**PROBLEM DESCRIPTION**: Pictures are to be dropped. Everything else in the listing gets copied exactly.
** SUPPLIED MATERIAL follows **
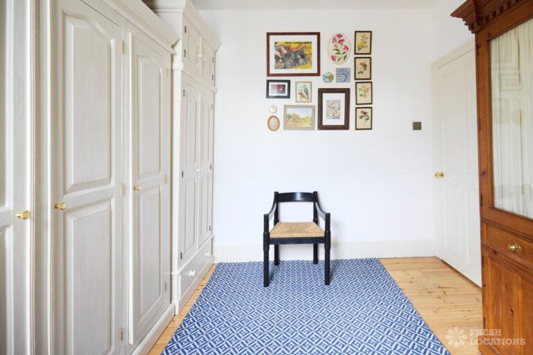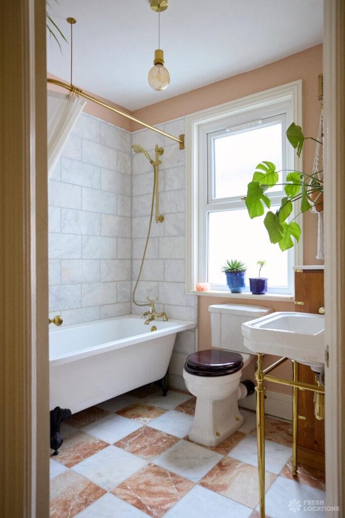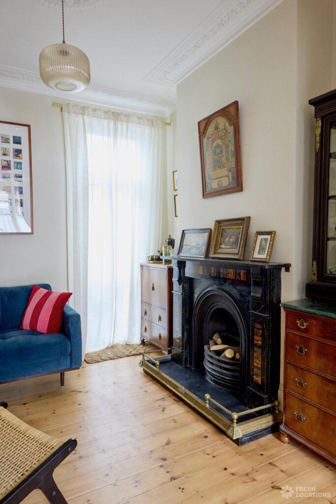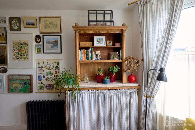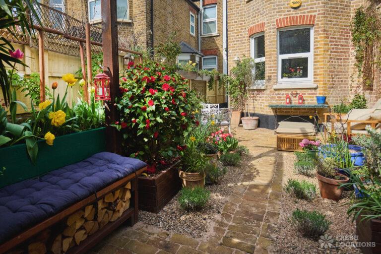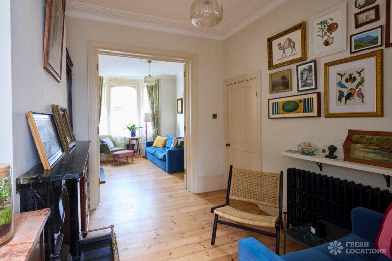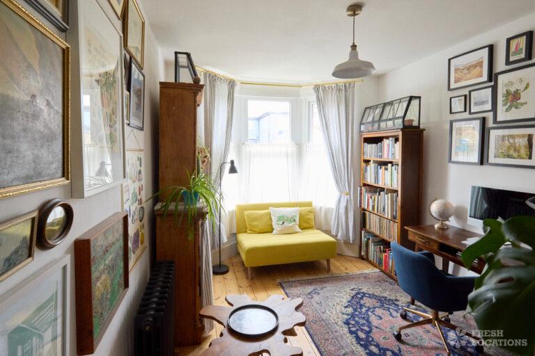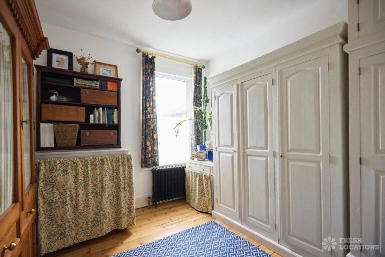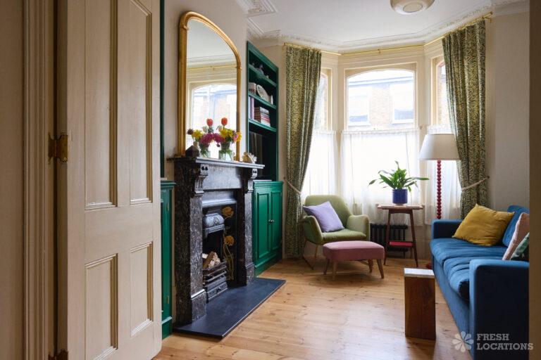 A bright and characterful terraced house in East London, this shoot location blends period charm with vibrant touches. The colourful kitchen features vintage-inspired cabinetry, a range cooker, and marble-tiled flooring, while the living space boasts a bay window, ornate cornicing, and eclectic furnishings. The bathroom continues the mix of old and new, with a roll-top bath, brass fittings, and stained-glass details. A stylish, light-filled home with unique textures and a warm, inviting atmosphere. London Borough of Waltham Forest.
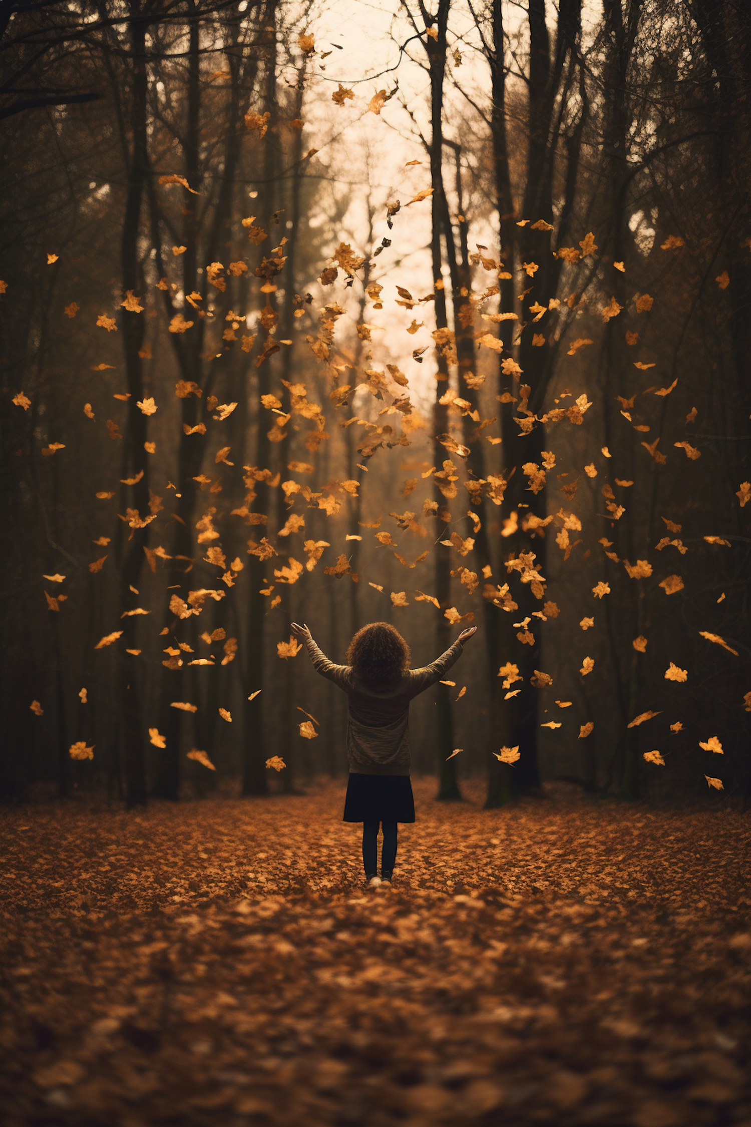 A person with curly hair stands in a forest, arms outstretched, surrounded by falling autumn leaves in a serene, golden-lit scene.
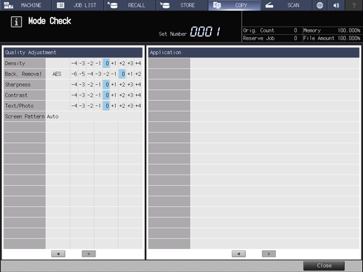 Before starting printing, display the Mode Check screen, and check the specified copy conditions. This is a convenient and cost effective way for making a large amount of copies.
** End of SUPPLIED MATERIAL **
**PROBLEM SOLUTION**:
 A bright and characterful terraced house in East London, this shoot location blends period charm with vibrant touches. The colourful kitchen features vintage-inspired cabinetry, a range cooker, and marble-tiled flooring, while the living space boasts a bay window, ornate cornicing, and eclectic furnishings. The bathroom continues the mix of old and new, with a roll-top bath, brass fittings, and stained-glass details. A stylish, light-filled home with unique textures and a warm, inviting atmosphere. London Borough of Waltham Forest.
 A person with curly hair stands in a forest, arms outstretched, surrounded by falling autumn leaves in a serene, golden-lit scene.
 Before starting printing, display the Mode Check screen, and check the specified copy conditions. This is a convenient and cost effective way for making a large amount of copies.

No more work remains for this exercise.